Rain-Born flew at her before she could recover. She brought the machete down again and again, both times embedding the weapon"s blade in the woman's skull and withdrawing a spurting torrent of blood that spewed from each open laceration. The woman collapsed and brought her arms up in an attempt to shield her face as Rain-Born straddled her, gripping the weapon in both hands and forcing it down again, and again, and again, each time hearing it slice into the air and cut through the hands and face of the thing that writhed beneath her legs. As she cut, she did not realize that she had started to scream with every strike she made. She saw nothing but the red haze of mad rage that swam before her vision, compounded by the increasingly bloody, brutalized visage of what was once the woman's face. The Chainman's arms fell to the side, and Rain-Born's relentless assault continued. Even when no flesh remained, and only pulsing blood and muscle were left, Rain-Born still did not stop forcing the blade down. She cut until her arms could no longer bear the effort, then cut more.

"Hey. Hey! Hey!"

As she brought the blade down for her next strike, she heard a voice somewhere call to her, and felt the soft touch of paws against her arm.

"Hey! Look at me! Rain-Born, look at me."

She tried to tear her eyes away from the remains of the woman's face and look at Jespar but could not bear to catch the sight of the tribesman again. She made to embed the machete in what remained of the woman's skull but then felt it drop from her hands entirely.

Her hands – they were covered in blood.

She looked from them to the pug and the puppies in the corner of the room, staring at her. Then she looked to Jespar and saw the same look on his crimson-coated face. Finally, she saw her reflection in the blood pooling beneath the corpse that convulsed underneath her. And in her eyes, the same look was reflected that told of only one emotion: terror.

She could feel the approach of the dark fog that heralded the shutdown of her mind. Before succumbing to its embrace, she slowly rose from the ground and walked, head bowed, towards her trapped brother.
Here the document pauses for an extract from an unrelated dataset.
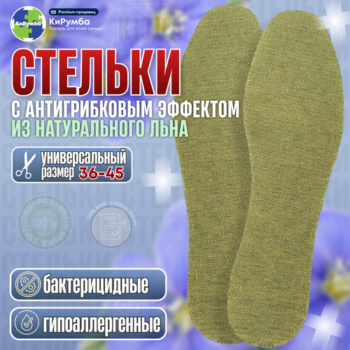 Стельки бактерицидные из натурального льна с антигрибковым действием, универсальный размер, 36-45
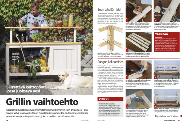 Pöydän koko on 62 x 160 cm ja maus-tehyllyn mitat 18 x 160 cm. Ne käsitellään värittömällä puunsuojalla ja mah-dollisesti lakataan ennen kiinnitystä. Maustehylly asennetaan pöydän päälle puutankojen varaan ja kiinnitetään ka-lusteruuveilla. Hyllystä tulee tällä ta-voin helposti irrotettava. Irrotusmahdol-lisuus on hyvä asia, kun pöytä siirretään varastoon talveksi.

She raised the machete only once more to bring it down upon the chains that bound him. She did not look him in the eyes.

"You are free, brother," she said through crimson-stained lips before walking away and slumping against the wall to stare into nothing. She heard only silence. Even when Jespar entered her vision and prodded her, urging her to move, she could command her body to do nothing. Her limbs refused to respond anymore.

She felt darkness creep in from the corners of her eyes and steal all vision from her. She welcomed it, allowing her head to sway gently as she gave up command of her senses to the cold hand of unconsciousness.

The last thing she remembered seeing was the eyes of her mutilated brother staring at her with a different look from the rest before she plunged into the world of darkness and dreams once more.